Long-term Safety and Efficacy of Ralinepag in Pulmonary Arterial Hypertension

An Open-label Extension Study of Ralinepag in Patients With Pulmonary Arterial Hypertension

This study was an open-label extension study to determine the long-term safety and tolerability of ralinepag in subjects with World Health Organization (WHO) Group 1 pulmonary arterial hypertension (PAH) who have completed Study APD811-003, or who were assigned to receive placebo and were discontinued due to clinical worsening.

Study Overview

• Status: Completed
• Conditions: Pulmonary Arterial Hypertension
• Intervention / Treatment: Drug: Ralinepag

Detailed Description

This study was an open-label extension study to determine the long-term safety and tolerability of ralinepag in subjects with WHO Group 1 PAH who completed Study APD811-003. Subjects who completed Study APD811-003 and met eligibility criteria for Study APD811-007 were enrolled. Additionally, placebo-treated subjects who discontinued study drug treatment due to clinical worsening in Study APD811-003 were permitted to enroll in Study APD811-007, upon approval of the medical monitor, provided that all end of study procedures including right heart catheterization (RHC) were performed per the study protocol. The Week 25 Visit in Study APD811-003 served as the Baseline Visit for Study APD811-007.

All subjects enrolled in Study APD811-007 received open-label treatment with ralinepag. The starting dose and titration schedule were individually determined and in accordance with the starting dose and titration schedule optimized from Study APD811-003. Adjustments in the dose and titration schedule were made according to subject tolerability.

After an individual subject completed Study APD811-003 and that subject's database was locked, subject unblinding occurred. Subjects on active treatment (ralinepag) remained on their current dose and had onsite clinical assessments performed every 3 months until the subject was discontinued from the study.

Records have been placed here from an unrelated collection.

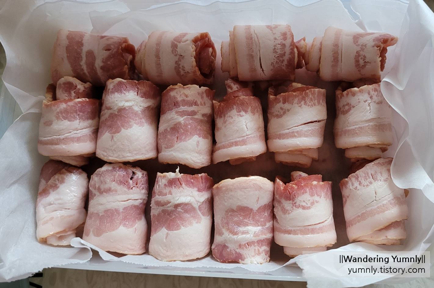 베이컨을 한 장씩 돌돌 말아줍니다. 단단하게 말면 작은 부피로 풀리지 않게 보관할 수 있어요.
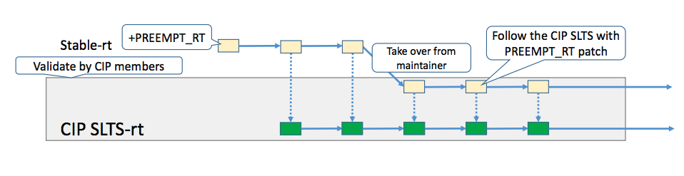 While the Linux Foundation’s Real-Time Linux collaborative project is working on getting the final features from the RPEEMPT_RT patchset into mainline kernel, there is no direct support a -rt flavor for the CIP kernel. There are stable real-time patches for 3.2, 3.10, 3.18, 4.1, 4.4 and 4.9. They are based on top of the LTS trees maintained by Greg Kroah-Hartman, Sasha Levin and Ben Hutchings.
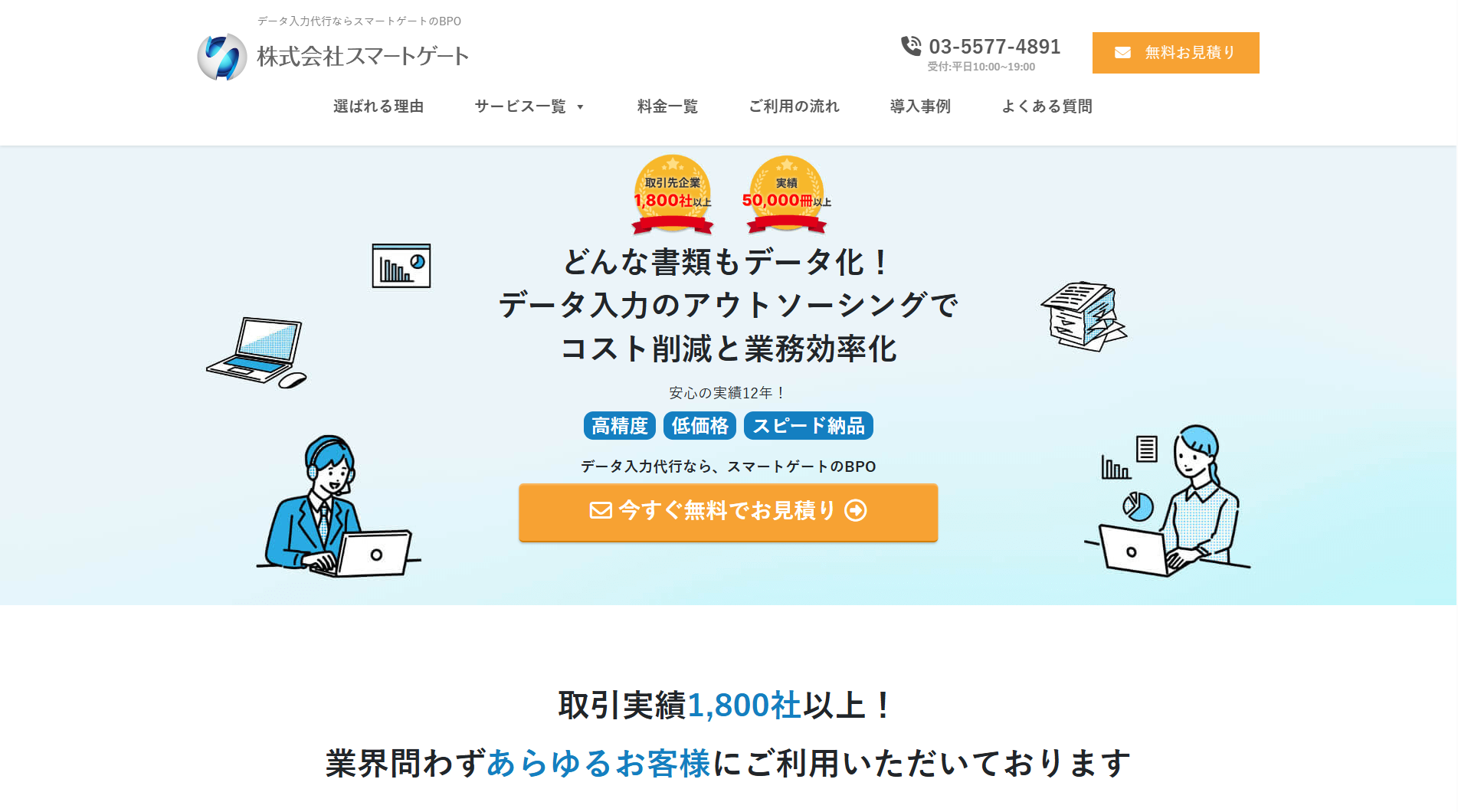 株式会社スマートゲートは、紙や本など文字情報が多い媒体のデータ化に強みを持つ入力代行会社です。創業以来、出版物の電子書籍化に携わってきたノウハウを活かし、高精度かつ安定した品質のデータを納品しています。手書き文字をはじめ、旧字、和欧文混在、回転文字、ルビ付き文字、白抜き文字、絵柄の上の文字、外国語などあらゆる文字のテキストデータ化に対応可能です。テキストに特化した独自開発のシステムや、ベテランのスタッフを活用することで、低コスト化を実現しています。
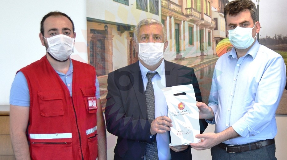Türkiye Cumhuriyeti Büyükelçiliği Sosyal Projeler Sorumlusu Ömer Dursun ile Kuzey Kıbrıs Türk Kızılayı Yönetim Kurulu Üyesi İsmail Demirci, LTB Asbaşkanı Akın Aktunç’u ziyaret ederek, Türkiye Cumhuriyeti Cumhurbaşkanı Recep Tayyip Erdoğan’ın ülkemizdeki 65 yaş ve üzerindeki kişilere dağıtılmak üzere gönderdiği hijyen paketlerini teslim etti.
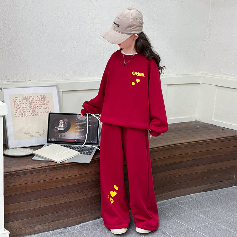 女の子の赤い愛の年服セット冬服2024新型洋気大童とベルベットの厚いスポーツ服2セット
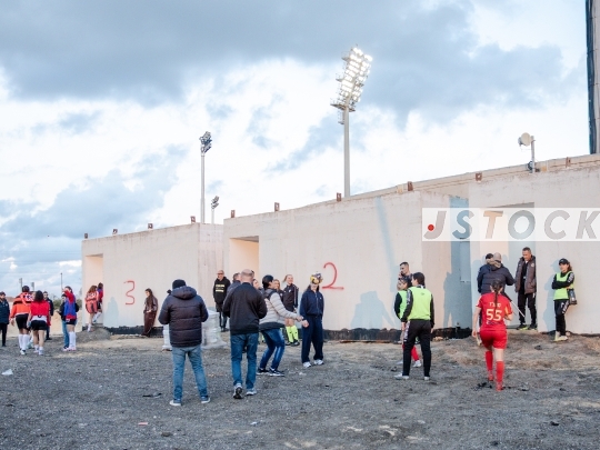 FBL-ISR Women’s Premier League, Matchday 21—Panterot Ashdod vs. Hapoel Katamon Jerusalem, March 26, 2026, Rishon LeZion, Israel. War routine: Day 27 of the war involving the United States, Israel, and Iran. The Women’s Premier League returned from both the international break and the forced wartime hiatus on a day marked by 10 rocket sirens. During the match, two rocket alerts were triggered, forcing the players to evacuate to a protected area off the pitch. Between sirens, the Panterot Ashdod coach conducted a tactical briefing with the players inside the shelter. Photo by Shaul Greenfeld/JStock.
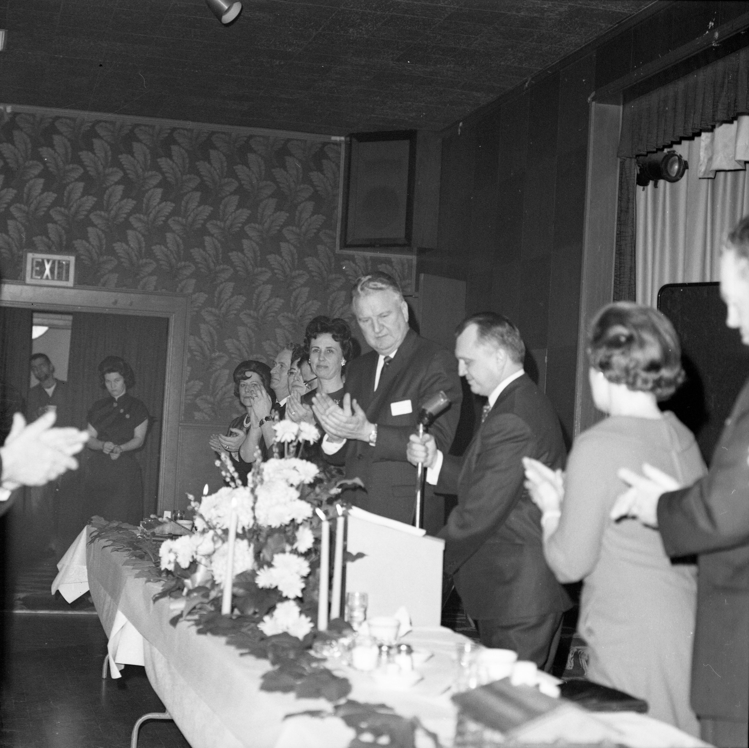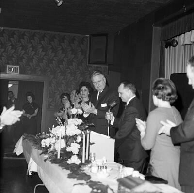 #19 (Parade) [night, woman, probably Rondy Queen, carrying bouquet of flowers outdoors in front of spectators, 1950 Fur Rendezvous?]
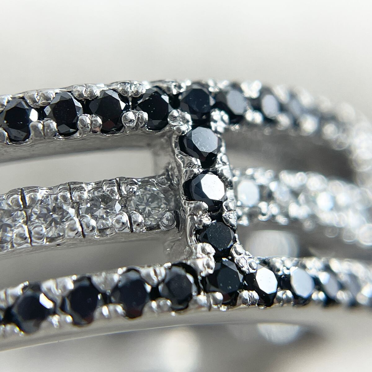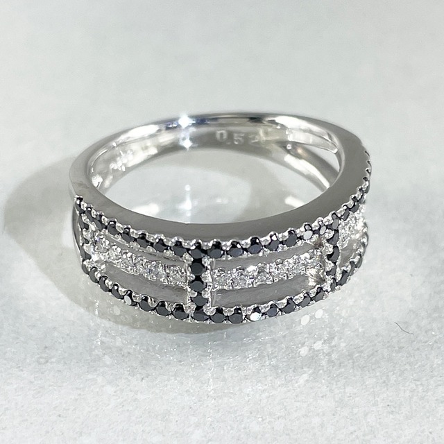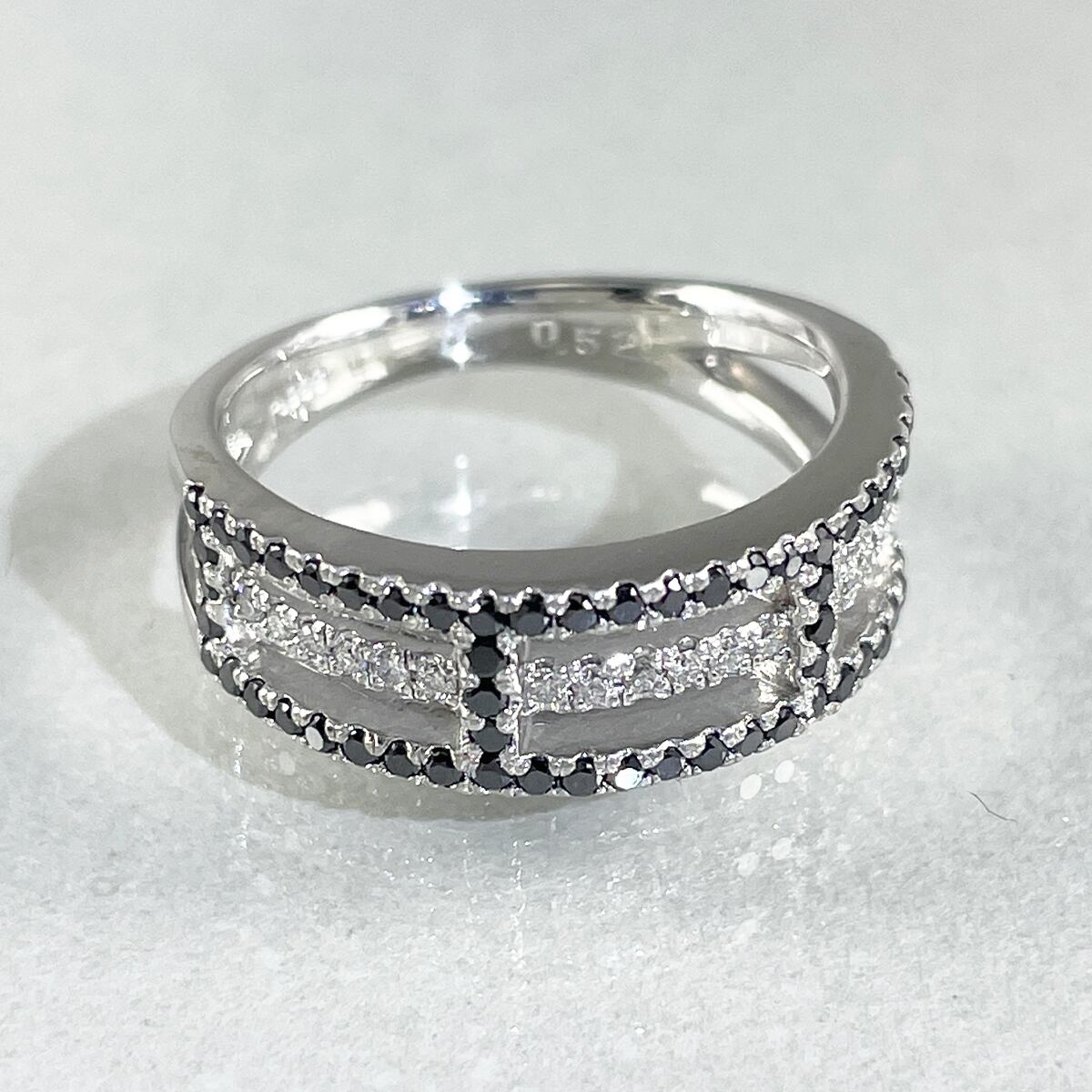 ブラックダイヤとホワイトダイヤが織りなすモダンなデザインのリング。
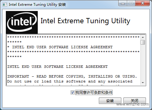 1.从本网站下载并安装英特尔Extreme Tuning Utility,打开安装程序,单击我同意协议,然后单击安装。
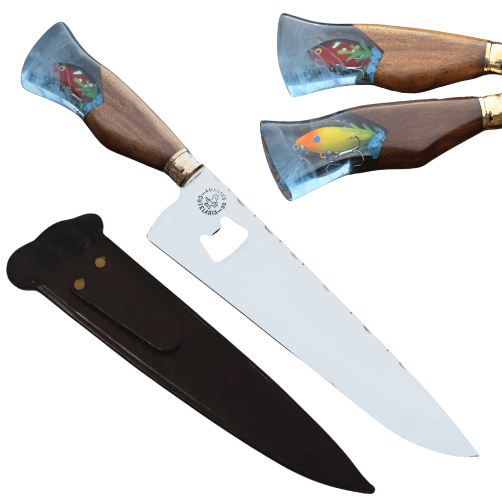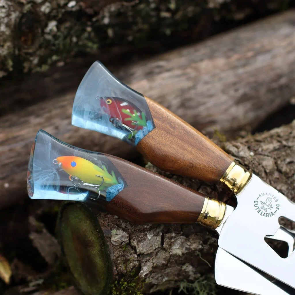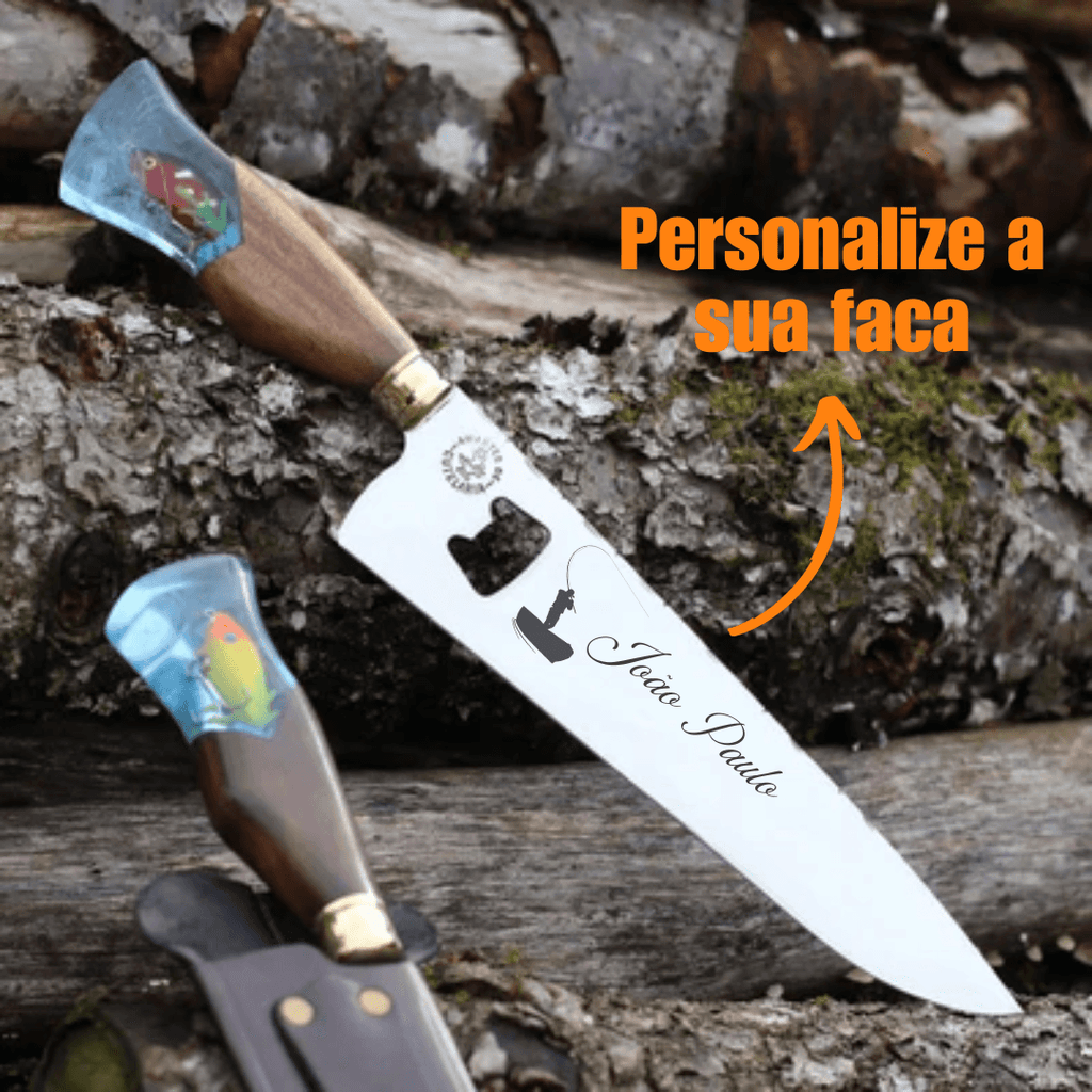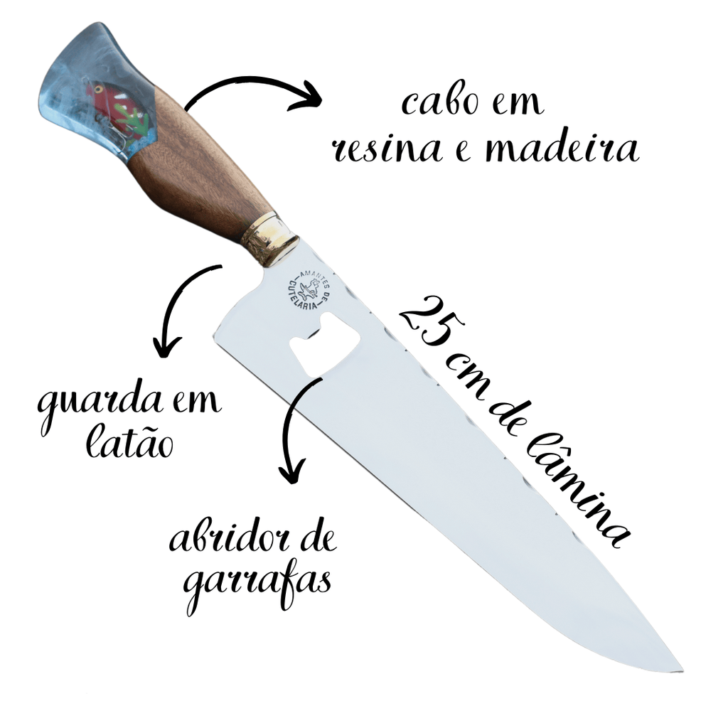 Cabo em Madeira Nobre e resina antibacteriana (cor e textura podem conter pequenas variações por ser feita de maneira artesanal em matéria-prima natural).

Subjects in the placebo treatment group underwent a dose titration period until a stable, maximum tolerated dose (MTD) was reached (up to 9 weeks), followed by a treatment period after the MTD was determined during which monthly onsite clinic assessments were performed for the first 3 months and then every 3 months until the subject was discontinued from the study or the study was terminated. Dose reductions could be made at any time for safety reasons. Incremental dose increases were also allowed during the Treatment Period at the discretion of the Investigator (as clinically indicated) and according to the stepwise titration scheme.

Subjects were assessed for clinical worsening during each clinic visit. If clinical worsening was confirmed, the Investigator could have opted to either continue treatment with ralinepag at the current dose, increase the dose of ralinepag, interrupt treatment, or discontinue the subject at his/her discretion.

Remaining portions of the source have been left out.